The defaults are intentionally conservative:

- The trunk uses momentum because sign-only methods are substantially more
  stable when the sign is taken after smoothing. See
  [signSGD with Majority Vote](https://arxiv.org/abs/1810.05291) and
  [Momentum Ensures Convergence of SIGNSGD under Weaker Assumptions](https://proceedings.mlr.press/v202/sun23l.html).
- The cap uses AdamW-style decoupled weight decay rather than mixing decay
  into the gradient. See
  [Decoupled Weight Decay Regularization](https://arxiv.org/abs/1711.05101).
- Recent analysis shows sign-based methods have different optimization
  tradeoffs from SGD and Adam depending on noise and conditioning, which is
  why STAC exposes both `last_n_layers` and separate trunk/cap learning rates.
  See
  [Exact Risk Curves of SignSGD in Modern Overparameterized Linear Regression](https://proceedings.mlr.press/v267/xiao25c.html).

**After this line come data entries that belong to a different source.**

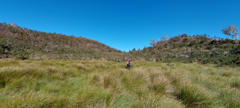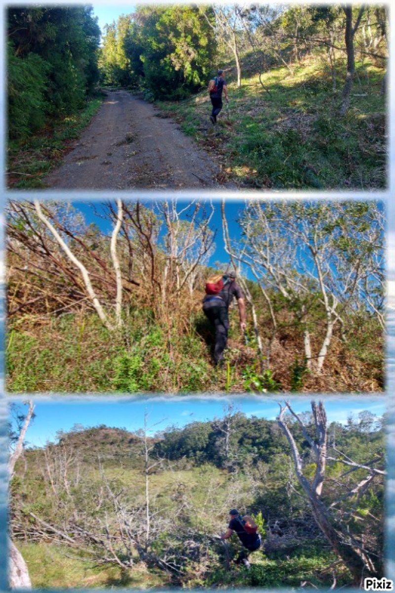 - début d’une grimpée un peu pénible mais courte à travers une broussaille de végétaux vivants et secs.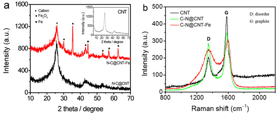 XRD patterns (a) and Raman spectra (b) of CNT, N-C@CNT, and N-C@CNT-Fe.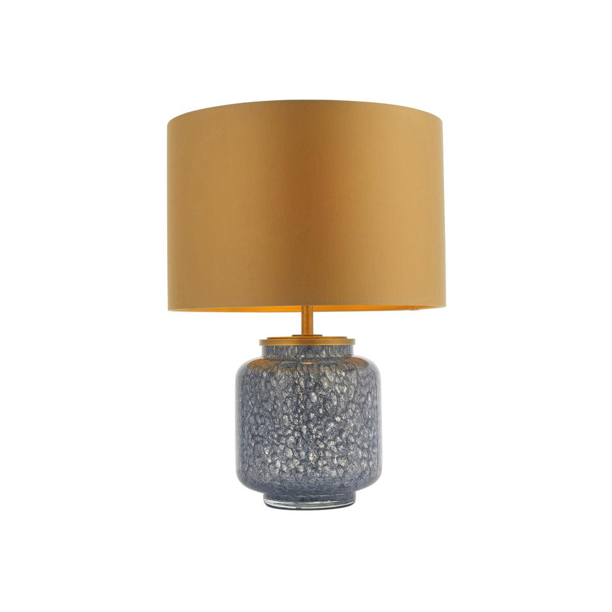 Add a touch of class with the Pamela table lamp finished in gold. With a dramatic gold colourblock fabric shade and an exquisite blue glass base with mottled detailing, Pamela has a majestic presence.
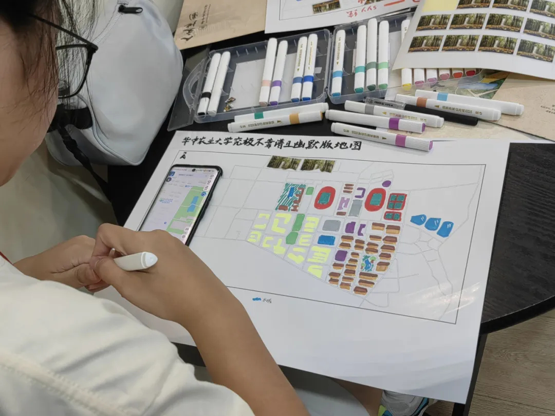 下午16点,为了使同学们更快地了解熟悉校园,“狮山印迹——校园地图制图体验”活动在一站式学生社区H8-300举行。“猜猜这是什么图?”辅导员程子豪首先为大家介绍了地图的相关知识,并讲解了如何制作一份地图图。在场的同学们跃跃欲试,利用彩笔绘出了自己心中独一无二的大学地图。最后大家拿着自己的作品合影留恋。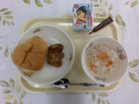 今日の給食は、牛乳、ロールパン、ハロウィンハンバーグ、ABCスープ、ミルメークコ...

Practical tuning guidance:

- If training is noisy or unstable, raise `trunk_momentum` before increasing
  the trunk learning rate.
- If the model underfits, move more layers into the AdamW cap with a larger
  `last_n_layers`.
- If the head adapts too slowly, raise `cap_lr` without forcing the entire
  network into AdamW.

## Benchmark Snapshot

The repository includes [`examples/toy_benchmark.py`](examples/toy_benchmark.py)
for a quick sanity check. A representative local run on `Python 3.13.12` and
`torch 2.10.0+cu126` produced:

| Optimizer | Mean final loss |
| --- | ---: |
| `STAC` default | `0.033961` |
| `STAC` with plain sign trunk | `0.107899` |
| `torch.optim.AdamW` | `0.074642` |

This is a sanity benchmark, not a universal ranking. The important signal is
that the default STAC trunk is meaningfully better than a plain sign trunk on a
real optimization loop.

## Constraints

- Sparse gradients are unsupported in both trunk and cap.
- `add_param_group()` is intentionally unsupported because STAC derives its
  parameter groups from model structure.
- The split follows module registration order, not dynamic forward order.

## Verification

GitHub Actions automation:

- On pull requests and pushes to `main`: CPU-based tests, packaging, and built
  wheel smoke checks.
- On `v*` tags: version validation, rebuild, `twine check`, PyPI publishing,
  and GitHub Release creation.

Local CUDA verification for maintainers before a release:

```bash
python -m pytest -q
python -m build
python -m twine check dist/*
python examples/toy_benchmark.py
```

Most recent local CUDA run:

- `python -m pytest -q`: `17 passed in 6.45s`
- `python -m build` and `python -m twine check dist/*`: passed
- `python examples/toy_benchmark.py`:
  `STAC` default `0.033961`, plain sign trunk `0.107899`, `AdamW` `0.074642`

## Release

This repository uses `setuptools-scm`, so release tags must match the package
version that the workflow computes from the tagged commit.

Typical release flow:

```bash
git push origin main
git tag v0.1.2
git push origin v0.1.2
```

The tag workflow then:

1. Verifies that `vX.Y.Z` matches the computed package version.
2. Builds fresh distributions and runs `twine check`.
3. Publishes to PyPI via GitHub Actions Trusted Publishing.
4. Creates the matching GitHub Release and attaches the built artifacts.

Project maintainers must register this repository and
`.github/workflows/workflow.yml` as a Trusted Publisher on PyPI for the publish
step to succeed.

See [CHANGELOG.md](CHANGELOG.md) for released versions only.